* **Entries supplied**:

^^^^^^^^^^^^^^^^

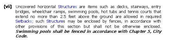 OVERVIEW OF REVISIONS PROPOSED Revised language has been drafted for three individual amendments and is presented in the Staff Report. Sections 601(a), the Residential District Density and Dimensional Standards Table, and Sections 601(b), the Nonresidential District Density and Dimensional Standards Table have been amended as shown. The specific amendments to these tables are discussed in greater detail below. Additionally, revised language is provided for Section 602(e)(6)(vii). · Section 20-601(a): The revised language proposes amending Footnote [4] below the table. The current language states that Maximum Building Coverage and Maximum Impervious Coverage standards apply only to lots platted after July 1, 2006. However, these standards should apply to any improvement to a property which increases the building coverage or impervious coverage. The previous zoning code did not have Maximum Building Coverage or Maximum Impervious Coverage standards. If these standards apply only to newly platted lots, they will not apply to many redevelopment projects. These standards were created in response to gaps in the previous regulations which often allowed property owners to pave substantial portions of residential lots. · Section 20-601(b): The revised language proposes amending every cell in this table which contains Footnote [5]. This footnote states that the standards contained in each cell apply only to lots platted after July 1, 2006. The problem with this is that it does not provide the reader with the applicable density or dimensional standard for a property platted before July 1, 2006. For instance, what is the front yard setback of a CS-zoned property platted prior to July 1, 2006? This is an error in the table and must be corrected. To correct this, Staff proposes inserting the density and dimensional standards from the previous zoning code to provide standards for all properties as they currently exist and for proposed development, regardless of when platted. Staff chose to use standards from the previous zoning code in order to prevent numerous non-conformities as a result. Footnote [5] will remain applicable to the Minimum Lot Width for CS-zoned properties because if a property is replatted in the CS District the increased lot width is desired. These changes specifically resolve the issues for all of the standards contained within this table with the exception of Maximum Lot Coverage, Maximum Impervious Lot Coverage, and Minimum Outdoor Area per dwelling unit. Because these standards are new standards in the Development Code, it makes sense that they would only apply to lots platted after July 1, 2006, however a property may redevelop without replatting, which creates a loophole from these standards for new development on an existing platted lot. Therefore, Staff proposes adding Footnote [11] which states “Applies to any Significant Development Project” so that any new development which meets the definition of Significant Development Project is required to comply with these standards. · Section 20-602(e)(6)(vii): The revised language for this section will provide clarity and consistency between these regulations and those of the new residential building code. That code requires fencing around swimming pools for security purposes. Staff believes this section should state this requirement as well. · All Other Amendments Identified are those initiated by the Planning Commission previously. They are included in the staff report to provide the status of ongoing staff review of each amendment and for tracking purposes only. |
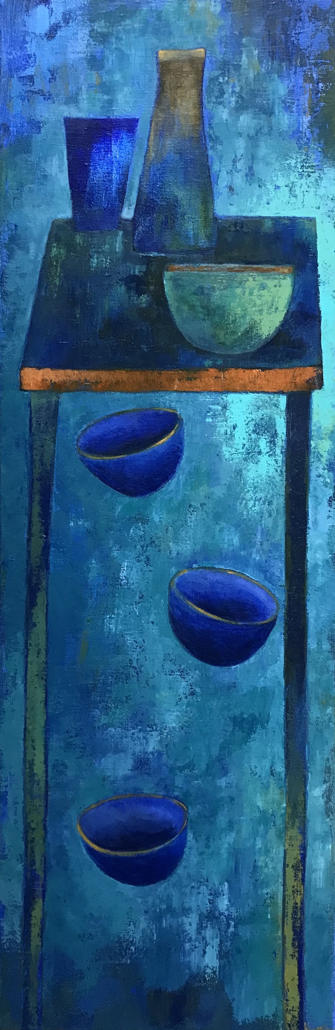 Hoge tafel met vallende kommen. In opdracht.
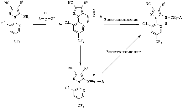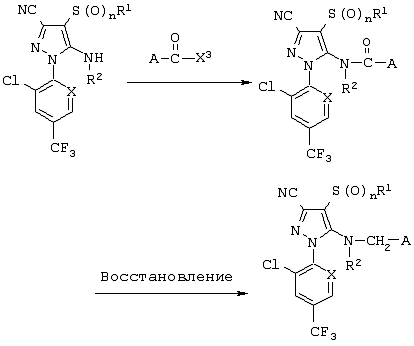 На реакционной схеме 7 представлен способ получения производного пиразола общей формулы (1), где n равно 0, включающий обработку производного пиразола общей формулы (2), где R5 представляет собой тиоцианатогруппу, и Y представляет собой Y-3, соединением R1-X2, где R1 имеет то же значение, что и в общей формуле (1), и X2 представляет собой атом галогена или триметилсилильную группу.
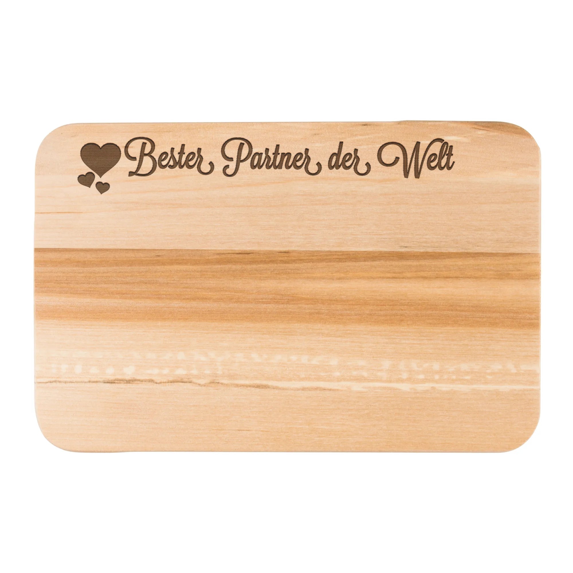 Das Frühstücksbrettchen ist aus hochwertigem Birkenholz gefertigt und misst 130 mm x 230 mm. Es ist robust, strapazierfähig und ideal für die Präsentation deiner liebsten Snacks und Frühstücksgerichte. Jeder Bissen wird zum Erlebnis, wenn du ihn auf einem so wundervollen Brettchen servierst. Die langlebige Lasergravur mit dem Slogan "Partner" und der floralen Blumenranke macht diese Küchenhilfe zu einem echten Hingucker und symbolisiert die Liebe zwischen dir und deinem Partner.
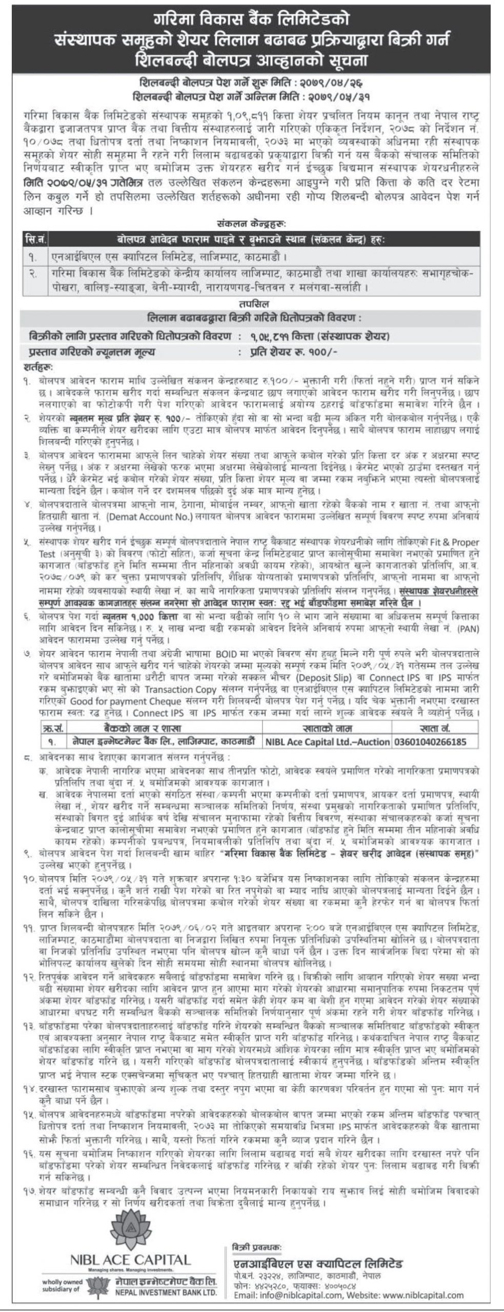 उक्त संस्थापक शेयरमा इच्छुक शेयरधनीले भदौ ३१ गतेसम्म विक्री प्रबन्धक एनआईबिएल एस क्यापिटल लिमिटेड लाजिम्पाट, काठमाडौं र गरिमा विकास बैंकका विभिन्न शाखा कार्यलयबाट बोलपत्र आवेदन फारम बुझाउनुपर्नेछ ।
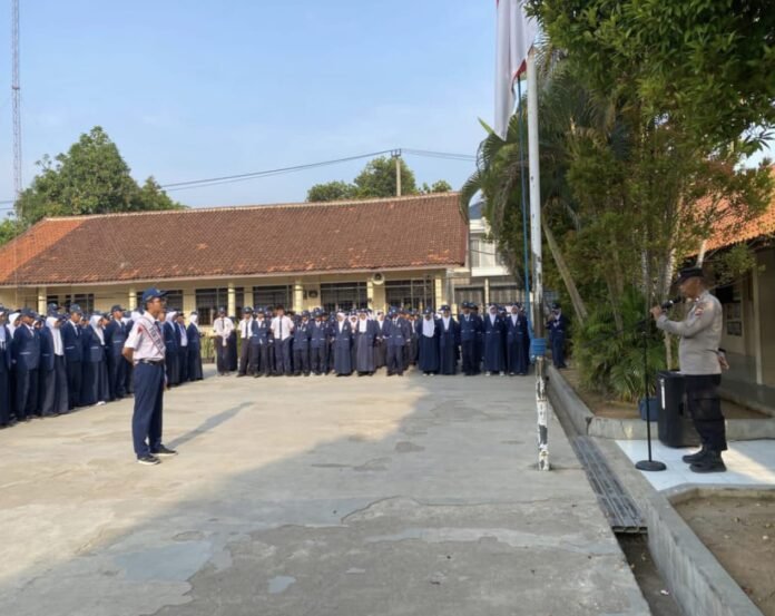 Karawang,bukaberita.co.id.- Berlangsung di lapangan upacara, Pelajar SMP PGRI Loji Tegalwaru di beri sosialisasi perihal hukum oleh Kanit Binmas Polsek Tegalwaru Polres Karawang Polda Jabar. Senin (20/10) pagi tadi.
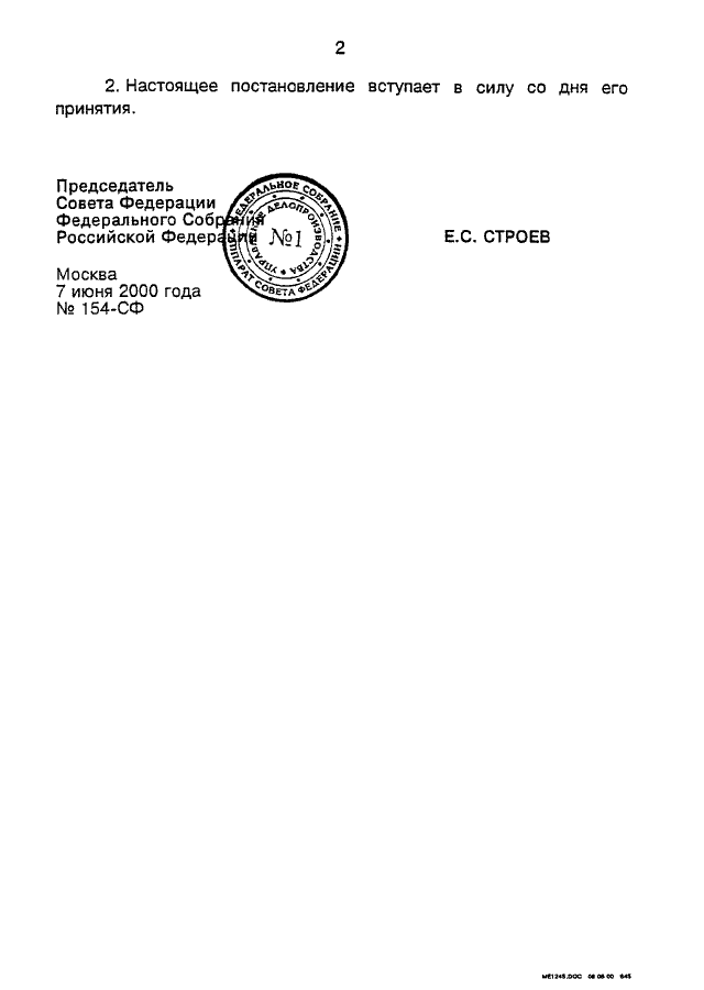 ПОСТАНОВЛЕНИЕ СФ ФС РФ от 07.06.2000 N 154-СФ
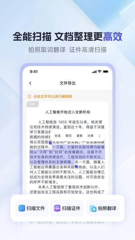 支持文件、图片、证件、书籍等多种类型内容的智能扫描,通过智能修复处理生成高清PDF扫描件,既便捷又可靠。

^^^^^^^^^^^^^^^^

* **What you will do**: Write out every entry above exactly as it stands, minus the pictures.

* **Answer section**:
 OVERVIEW OF REVISIONS PROPOSED Revised language has been drafted for three individual amendments and is presented in the Staff Report. Sections 601(a), the Residential District Density and Dimensional Standards Table, and Sections 601(b), the Nonresidential District Density and Dimensional Standards Table have been amended as shown. The specific amendments to these tables are discussed in greater detail below. Additionally, revised language is provided for Section 602(e)(6)(vii). · Section 20-601(a): The revised language proposes amending Footnote [4] below the table. The current language states that Maximum Building Coverage and Maximum Impervious Coverage standards apply only to lots platted after July 1, 2006. However, these standards should apply to any improvement to a property which increases the building coverage or impervious coverage. The previous zoning code did not have Maximum Building Coverage or Maximum Impervious Coverage standards. If these standards apply only to newly platted lots, they will not apply to many redevelopment projects. These standards were created in response to gaps in the previous regulations which often allowed property owners to pave substantial portions of residential lots. · Section 20-601(b): The revised language proposes amending every cell in this table which contains Footnote [5]. This footnote states that the standards contained in each cell apply only to lots platted after July 1, 2006. The problem with this is that it does not provide the reader with the applicable density or dimensional standard for a property platted before July 1, 2006. For instance, what is the front yard setback of a CS-zoned property platted prior to July 1, 2006? This is an error in the table and must be corrected. To correct this, Staff proposes inserting the density and dimensional standards from the previous zoning code to provide standards for all properties as they currently exist and for proposed development, regardless of when platted. Staff chose to use standards from the previous zoning code in order to prevent numerous non-conformities as a result. Footnote [5] will remain applicable to the Minimum Lot Width for CS-zoned properties because if a property is replatted in the CS District the increased lot width is desired. These changes specifically resolve the issues for all of the standards contained within this table with the exception of Maximum Lot Coverage, Maximum Impervious Lot Coverage, and Minimum Outdoor Area per dwelling unit. Because these standards are new standards in the Development Code, it makes sense that they would only apply to lots platted after July 1, 2006, however a property may redevelop without replatting, which creates a loophole from these standards for new development on an existing platted lot. Therefore, Staff proposes adding Footnote [11] which states “Applies to any Significant Development Project” so that any new development which meets the definition of Significant Development Project is required to comply with these standards. · Section 20-602(e)(6)(vii): The revised language for this section will provide clarity and consistency between these regulations and those of the new residential building code. That code requires fencing around swimming pools for security purposes. Staff believes this section should state this requirement as well. · All Other Amendments Identified are those initiated by the Planning Commission previously. They are included in the staff report to provide the status of ongoing staff review of each amendment and for tracking purposes only. |
 Hoge tafel met vallende kommen. In opdracht.
 На реакционной схеме 7 представлен способ получения производного пиразола общей формулы (1), где n равно 0, включающий обработку производного пиразола общей формулы (2), где R5 представляет собой тиоцианатогруппу, и Y представляет собой Y-3, соединением R1-X2, где R1 имеет то же значение, что и в общей формуле (1), и X2 представляет собой атом галогена или триметилсилильную группу.
 Das Frühstücksbrettchen ist aus hochwertigem Birkenholz gefertigt und misst 130 mm x 230 mm. Es ist robust, strapazierfähig und ideal für die Präsentation deiner liebsten Snacks und Frühstücksgerichte. Jeder Bissen wird zum Erlebnis, wenn du ihn auf einem so wundervollen Brettchen servierst. Die langlebige Lasergravur mit dem Slogan "Partner" und der floralen Blumenranke macht diese Küchenhilfe zu einem echten Hingucker und symbolisiert die Liebe zwischen dir und deinem Partner.
 उक्त संस्थापक शेयरमा इच्छुक शेयरधनीले भदौ ३१ गतेसम्म विक्री प्रबन्धक एनआईबिएल एस क्यापिटल लिमिटेड लाजिम्पाट, काठमाडौं र गरिमा विकास बैंकका विभिन्न शाखा कार्यलयबाट बोलपत्र आवेदन फारम बुझाउनुपर्नेछ ।
 Karawang,bukaberita.co.id.- Berlangsung di lapangan upacara, Pelajar SMP PGRI Loji Tegalwaru di beri sosialisasi perihal hukum oleh Kanit Binmas Polsek Tegalwaru Polres Karawang Polda Jabar. Senin (20/10) pagi tadi.
 ПОСТАНОВЛЕНИЕ СФ ФС РФ от 07.06.2000 N 154-СФ
 支持文件、图片、证件、书籍等多种类型内容的智能扫描,通过智能修复处理生成高清PDF扫描件,既便捷又可靠。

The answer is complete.